Records from a data collection:
+--
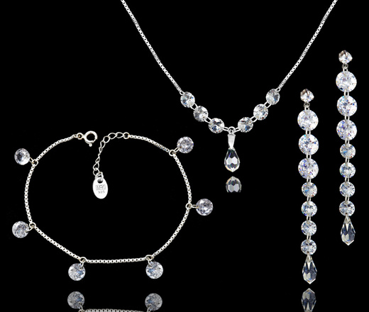 Komplet ślubnej biżuterii z cyrkoniami srebro 925 – naszyjnik, kolczyki, bransoletka 1816/10
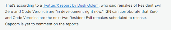 昨晚IGN更新文章,表示可以证实这两款游戏就是卡普空计划发布的下两部《生化危机》重制版。
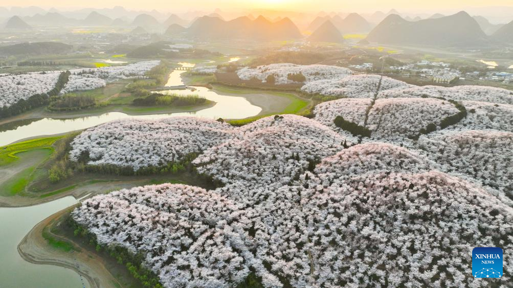 An aerial drone photo taken on March 25, 2025 shows a view of a cherry garden in Gui'an New Area, southwest China's Guizhou Province. Recently, the 10,000 mu of cherry trees in Gui'an New Area have been in full bloom, attracting many tourists to come and enjoy the spring time.
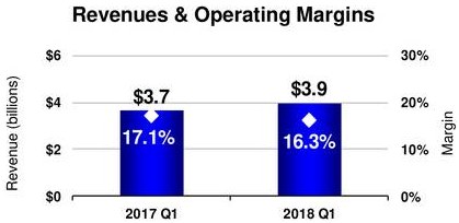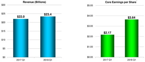 由于公司业绩第一季度保持良好增长,公司调高全年收益预计,从之前的13.8-14美元每股收益上调至14.3-14.5美元,运营现金流则从之前的150亿美元调整至150-155亿美元。
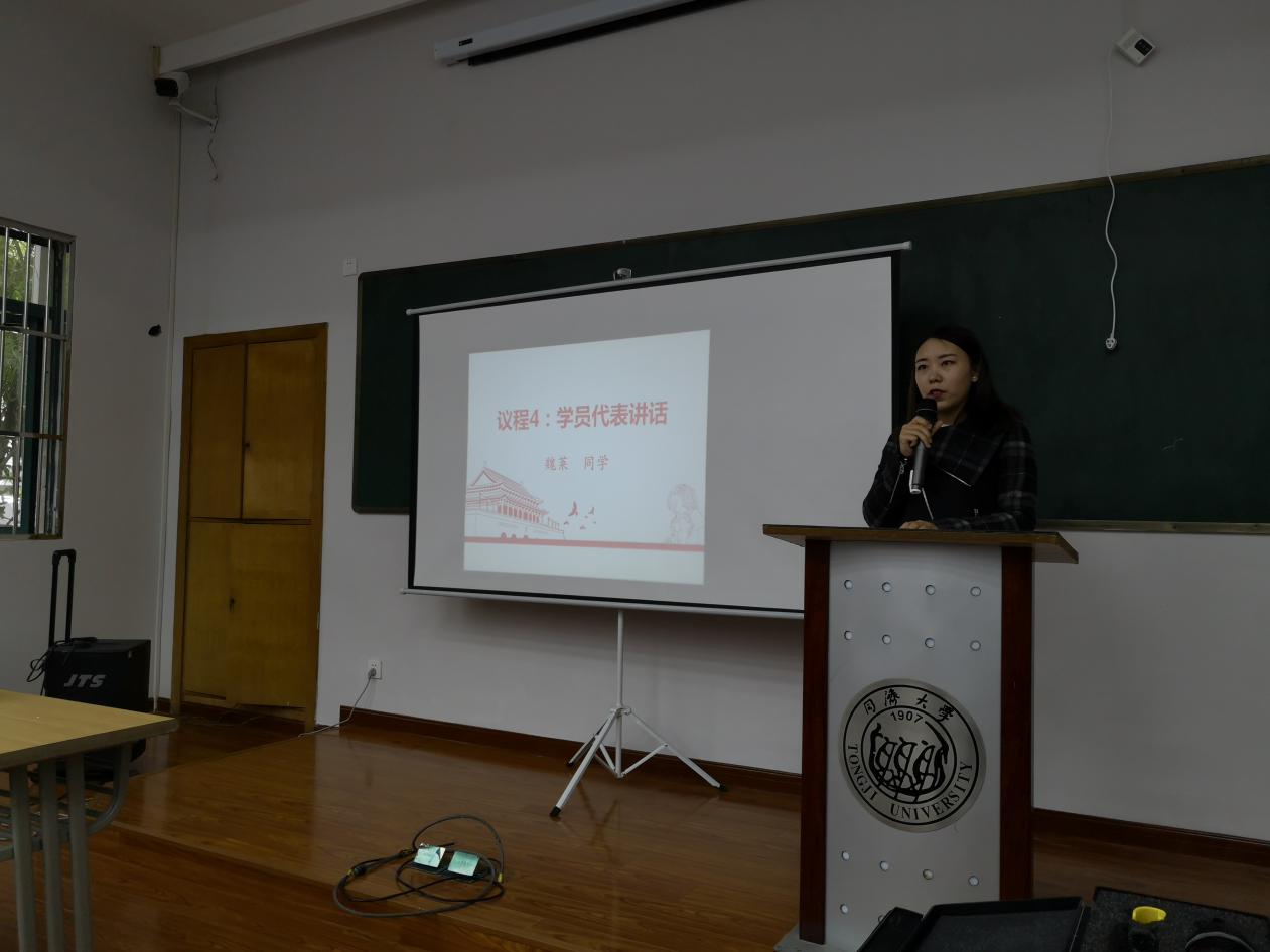 之后,来自环境科学与工程学院的魏莱同学作为学员代表发言,她在发言中阐述了自己对党的认识,也表明了此次参加党校培训的态度和决心,代表所有学员感谢学院党委和学生党组织给所有学员们提供进一步深入了解党、认识党的学习机会,他们定当好好学习,努力成为习近平总书记提出的“有理想、有追求、有担当、有作为、有品质、有修养”的德智体美劳全面发展的当代优秀大学生,做到有所收获、有所成长、有所提高。
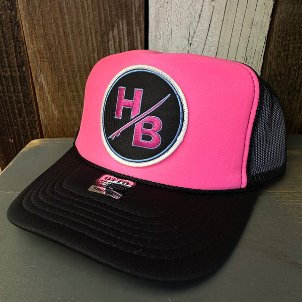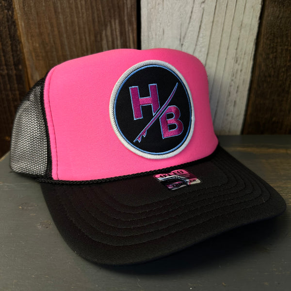 Hermosa Beach SO PITTED! :: HB SURFBOARD Trucker Hat - Neon Pink/Black
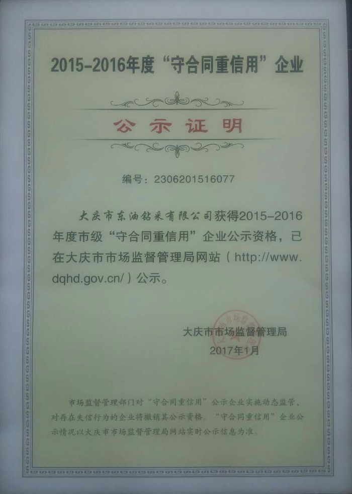 大慶市東油鉆采有限公司獲得2015-2016年度市級(jí)“守合同重信用”企業(yè)公示資格,已在大慶市市場監(jiān)督管理局網(wǎng)站公示。
+--
Problem description – Please give an exact printout of all the records, pictures aside.

Result of this task –
 Komplet ślubnej biżuterii z cyrkoniami srebro 925 – naszyjnik, kolczyki, bransoletka 1816/10
 昨晚IGN更新文章,表示可以证实这两款游戏就是卡普空计划发布的下两部《生化危机》重制版。
 An aerial drone photo taken on March 25, 2025 shows a view of a cherry garden in Gui'an New Area, southwest China's Guizhou Province. Recently, the 10,000 mu of cherry trees in Gui'an New Area have been in full bloom, attracting many tourists to come and enjoy the spring time.
 由于公司业绩第一季度保持良好增长,公司调高全年收益预计,从之前的13.8-14美元每股收益上调至14.3-14.5美元,运营现金流则从之前的150亿美元调整至150-155亿美元。
 之后,来自环境科学与工程学院的魏莱同学作为学员代表发言,她在发言中阐述了自己对党的认识,也表明了此次参加党校培训的态度和决心,代表所有学员感谢学院党委和学生党组织给所有学员们提供进一步深入了解党、认识党的学习机会,他们定当好好学习,努力成为习近平总书记提出的“有理想、有追求、有担当、有作为、有品质、有修养”的德智体美劳全面发展的当代优秀大学生,做到有所收获、有所成长、有所提高。
 Hermosa Beach SO PITTED! :: HB SURFBOARD Trucker Hat - Neon Pink/Black
 大慶市東油鉆采有限公司獲得2015-2016年度市級(jí)“守合同重信用”企業(yè)公示資格,已在大慶市市場監(jiān)督管理局網(wǎng)站公示。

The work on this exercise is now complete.